**WHAT THE TASK ASKS:**
Repeat the listing exactly. Pictures stay out of your copy.

**DATA PROVIDED:**
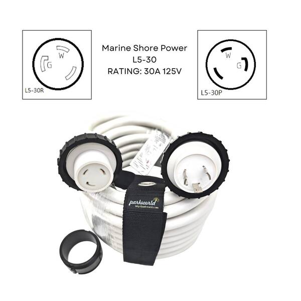 50 ft. 10/3 30 Amp 125-Voolt Twist Lock NEMA L5-30 RV/Maine Shore Power Cordsets, Outdoor Boat Extension Cord, White
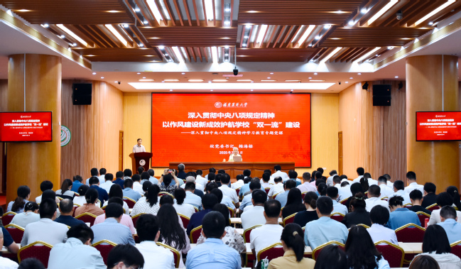 7月1日上午,校党委书记赖海榕以“深入贯彻中央八项规定精神 以作风建设新成效护航学校‘双一流’建设”为题,在常盛会议中心讲授深入贯彻中央八项规定精神学习教育专题党课,深入阐释中央八项规定及其实施细则精神内涵,传承弘扬习近平总书记23次关心学校事业发展的重要理念和重大实践,传达学习省委书记周祖翼、省长赵龙在深入贯彻中央八项规定精神学习教育专题党课上的讲话精神,强调要深入学习贯彻习近平总书记重要讲话重要指示批示精神,从深刻领悟“两个确立”的决定性意义、坚决做到“两个维护”的政治高度,切实把思想和行动统一到党中央决策部署和省委工作要求上。校党委副书记曾华平主持,全体在家校领导参加。
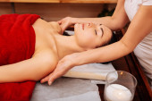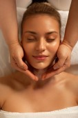 Atrakcyjna kobieta Ciemnowłosa odpoczynek z zamkniętymi oczami w trakcie procedury
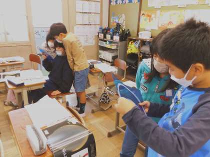 今日の理科の学習では、秋と夏のはくちょう座を比べて、気づいたことを話し合いました。そこから、「時間がたつと、星の位置やならび方はどのように変わるのだろうか。」という学習問題をつくり、予想しました。

**TASK ANSWER:**
 50 ft. 10/3 30 Amp 125-Voolt Twist Lock NEMA L5-30 RV/Maine Shore Power Cordsets, Outdoor Boat Extension Cord, White
 7月1日上午,校党委书记赖海榕以“深入贯彻中央八项规定精神 以作风建设新成效护航学校‘双一流’建设”为题,在常盛会议中心讲授深入贯彻中央八项规定精神学习教育专题党课,深入阐释中央八项规定及其实施细则精神内涵,传承弘扬习近平总书记23次关心学校事业发展的重要理念和重大实践,传达学习省委书记周祖翼、省长赵龙在深入贯彻中央八项规定精神学习教育专题党课上的讲话精神,强调要深入学习贯彻习近平总书记重要讲话重要指示批示精神,从深刻领悟“两个确立”的决定性意义、坚决做到“两个维护”的政治高度,切实把思想和行动统一到党中央决策部署和省委工作要求上。校党委副书记曾华平主持,全体在家校领导参加。
 Atrakcyjna kobieta Ciemnowłosa odpoczynek z zamkniętymi oczami w trakcie procedury
 今日の理科の学習では、秋と夏のはくちょう座を比べて、気づいたことを話し合いました。そこから、「時間がたつと、星の位置やならび方はどのように変わるのだろうか。」という学習問題をつくり、予想しました。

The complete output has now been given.